Por achar que manter o Coaf no Ministério da Justiça fortaleceria demais o ministro Sérgio Moro e o aparelho de controle financeiro, fiscal e de investigação, o Congresso mudou a medida provisória que reduziu ministérios e fundiu outros. Sem que o governo nada pudesse fazer, o Coaf foi devolvido ao Ministério da Economia (posteriormente o presidente Jair Bolsonaro o transferiu para o Banco Central).
Tudo o que os deputados consideraram que era alheio ao tema Previdência, e que constava do projeto de reforma enviado pelo governo, foi arrancado ainda na Comissão de Constituição e Justiça da Câmara. E a reforma da Previdência andou. Rápida, segura. Era o Congresso dizendo à sociedade que assumia ali a agenda positiva para o País. Era o Congresso dizendo que, apesar das aparências, estava disposto a desmentir os que o consideravam o pior da História recente.

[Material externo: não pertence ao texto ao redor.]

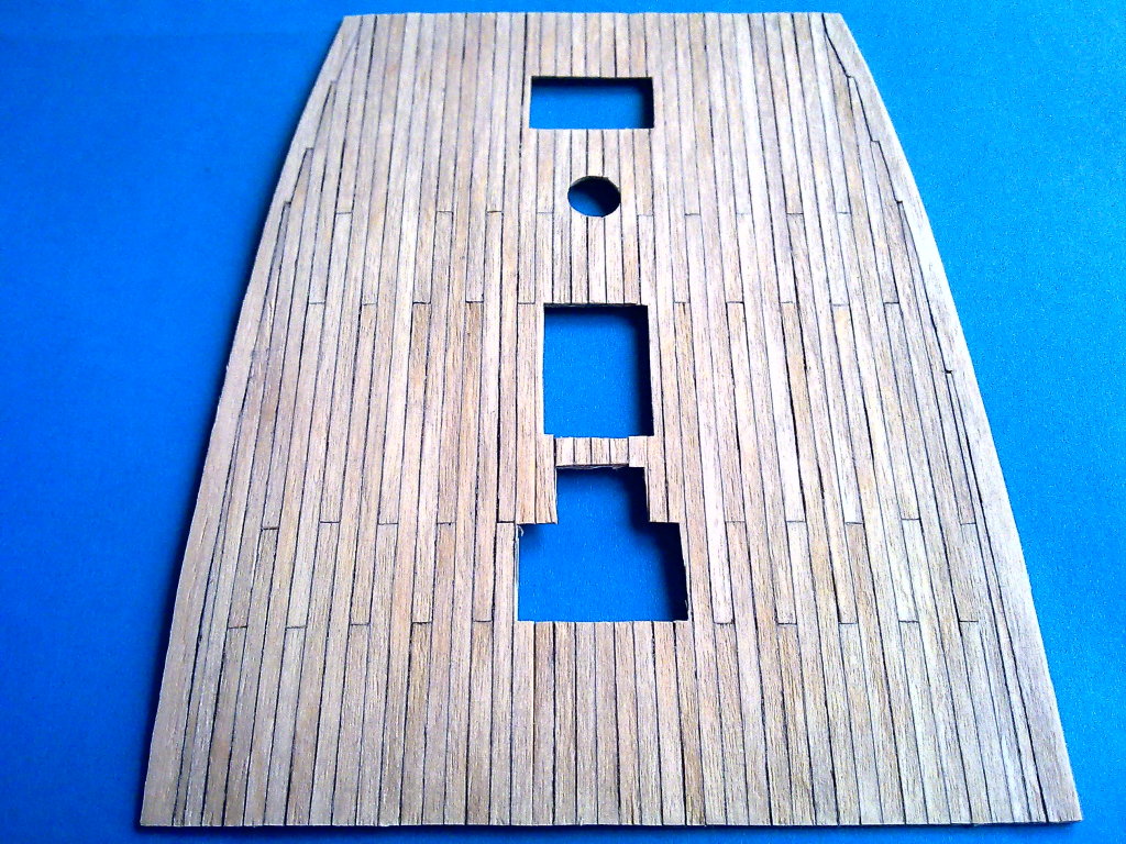 Pokład śródokręcia wyszedł nieco jaśniejszy, niż pozostałe, a był robiony z brzozy tak jak inne pokłady. Nie wygląda to źle, ale na przyszłość muszę bardziej uważać.[/attachment]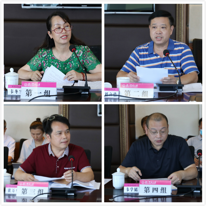 会议期间,与会人员分11个小组对《广西师范大学“十四五”事业发展总体规划(讨论稿)》、8个专项规划的文本以及学校“十四五”发展改革进行了研讨,各组积极讨论,热烈发言,提出了大量宝贵的意见建议,各组召集人向校党委作了讨论情况报告。

Vale insistir, toda essa imagem boa, porém, pode desaparecer. Ao condicionar a votação do segundo turno da reforma da Previdência à distribuição do dinheiro do leilão do pré-sal, marcado para novembro, o Senado reduz o seu papel, recua anos ao passado e se expõe aos que acusam os congressistas de chantagem. A reforma da Previdência deve ser vista como um projeto de País, importante para a redução do déficit fiscal e para a manutenção do próprio sistema de aposentadorias. Pode-se discordar do conteúdo, mas não há um único partido que não diga que a reforma previdenciária não é importante.
Fala-se muito entre os senadores que eles estão descontentes com o governo porque nada do que vem de promessa lá das bandas do Palácio do Planalto é cumprido. Ou que muitos se sentem traídos pela forma individualista como tem atuado o presidente da Casa, Davi Alcolumbre (DEM-AP). Dificultar a votação do segundo turno da reforma da Previdência seria uma forma de retaliar o governo e o presidente do Senado. É um erro. A reforma é do País, não do presidente Bolsonaro ou de Alcolumbre. Se querem retaliá-los, existem outros projetos que dizem muito mais respeito aos dois do que à sociedade. Não é preciso ir longe. A indicação do deputado Eduardo Bolsonaro (PSL-SP) para a Embaixada do Brasil em Washington é muito mais um desejo do pai, o presidente, que a negociou com Alcolumbre, do que uma necessidade do País.